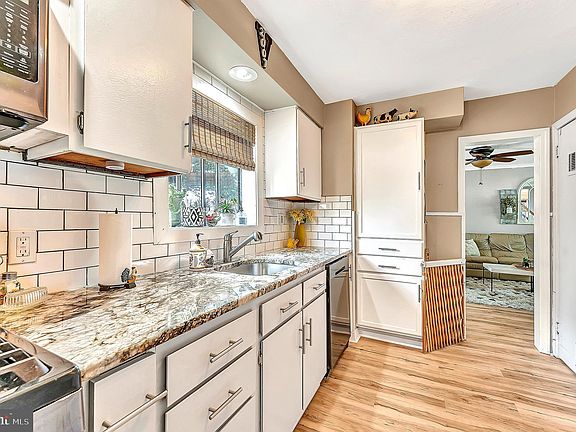 Great value in a well-maintained, 3BR 1.5 Bath with an awesome backyard oasis that includes a large covered Deck that partially wraps the Pool, a separate BBQ area, Raised Garden Bed, and a Koi Pond. Nice touches inside include the Kitchen's Granite Countertop & the Marble-top Double Vanity in the Full Bathroom. The living room has a natural gas fireplace and excellent natural light. The basement has a partially finished comfortable family room or office with built-ins for added storage. Money-saving Solar Panel Array transferable to the new owner. Just a few minutes to the Betsy Ross Bridge & Philly.
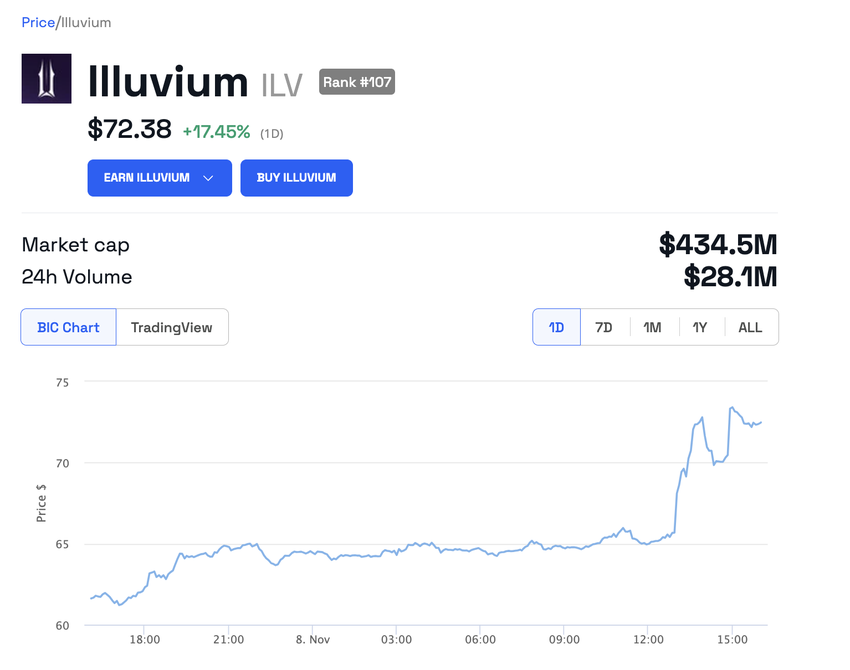 Po ogłoszeniu Illuvium, jego natywny token, ILV, wzrósł o ponad 17% w ciągu ostatnich 24 godzin.
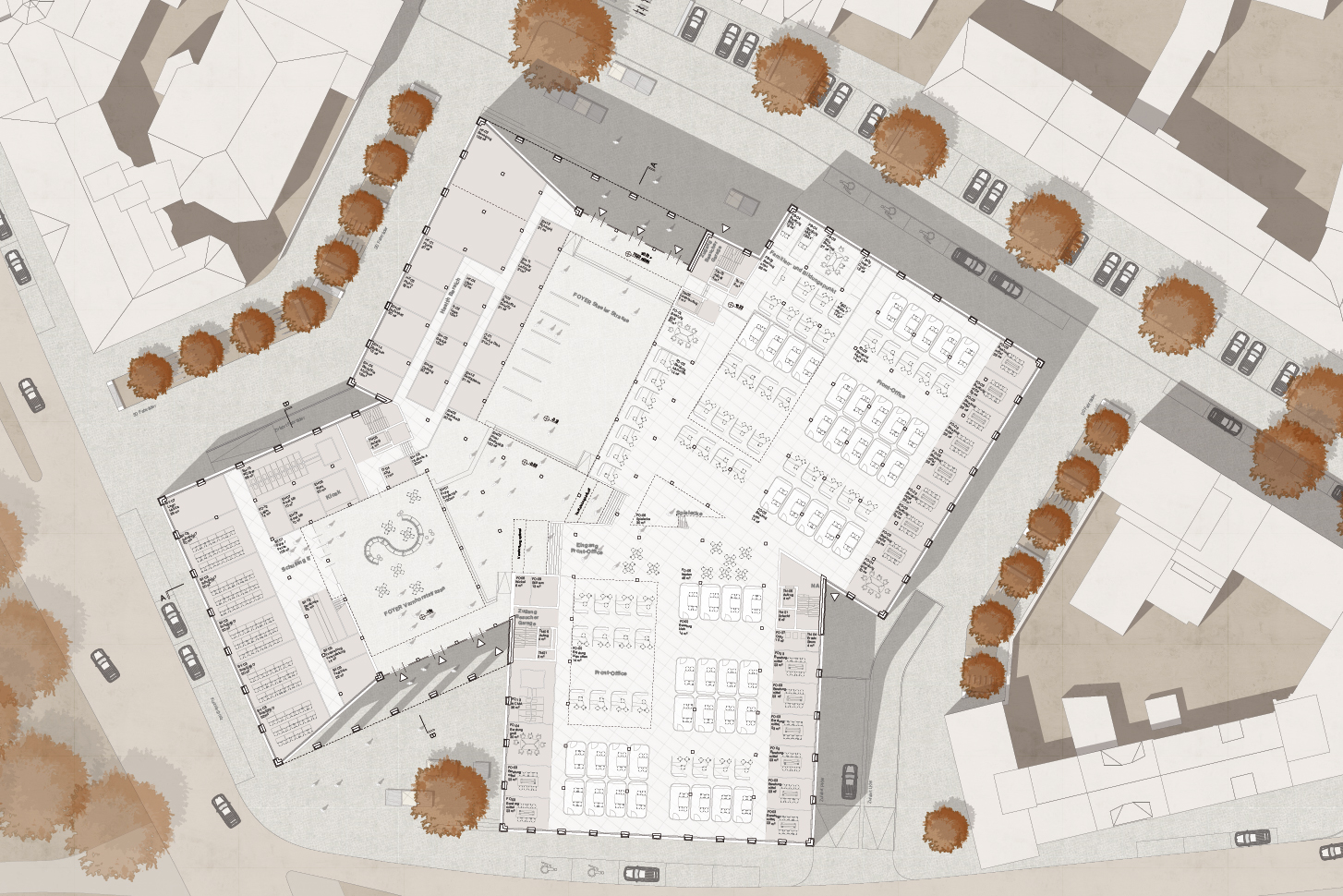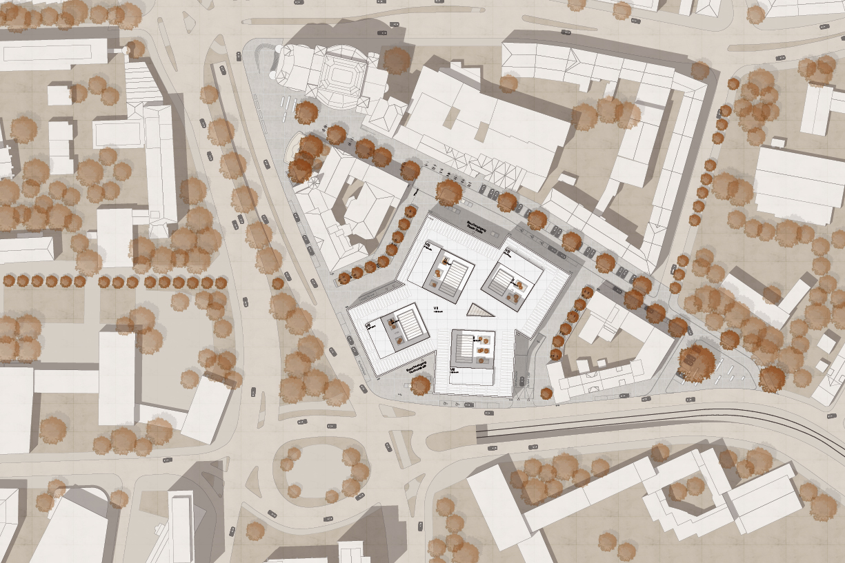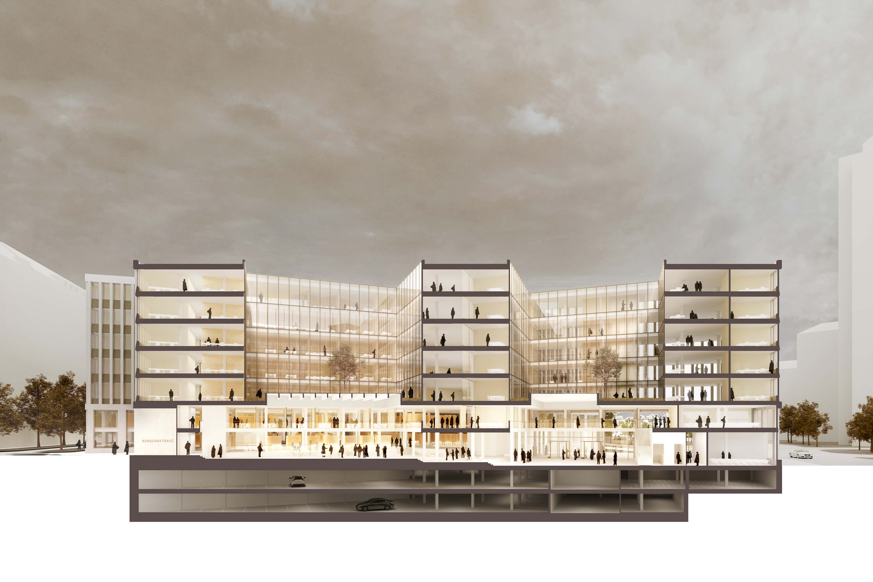 Der Entwurf gliedert sich in vier Einzelbausteine, die sich am Blockrand orientieren und durch ihre Fügung im Blockinnenbereich zu einem spannungsvollen Ganzen komponiert werden. So entsteht ein Haus, das sich einerseits sorgfältig in den Stadtgrundriss einfügt und andererseits der öffentlichen Nutzung gemäß angemessen selbstbewusst freispielt.
• • • •
● Work required: The answer is the run of lines from the one with "Po ogłoszeniu Illuvium, jego" through the final line of the data, copied exactly, and nothing else; no pictures.

● Response for this exercise:
 Po ogłoszeniu Illuvium, jego natywny token, ILV, wzrósł o ponad 17% w ciągu ostatnich 24 godzin.
 Der Entwurf gliedert sich in vier Einzelbausteine, die sich am Blockrand orientieren und durch ihre Fügung im Blockinnenbereich zu einem spannungsvollen Ganzen komponiert werden. So entsteht ein Haus, das sich einerseits sorgfältig in den Stadtgrundriss einfügt und andererseits der öffentlichen Nutzung gemäß angemessen selbstbewusst freispielt.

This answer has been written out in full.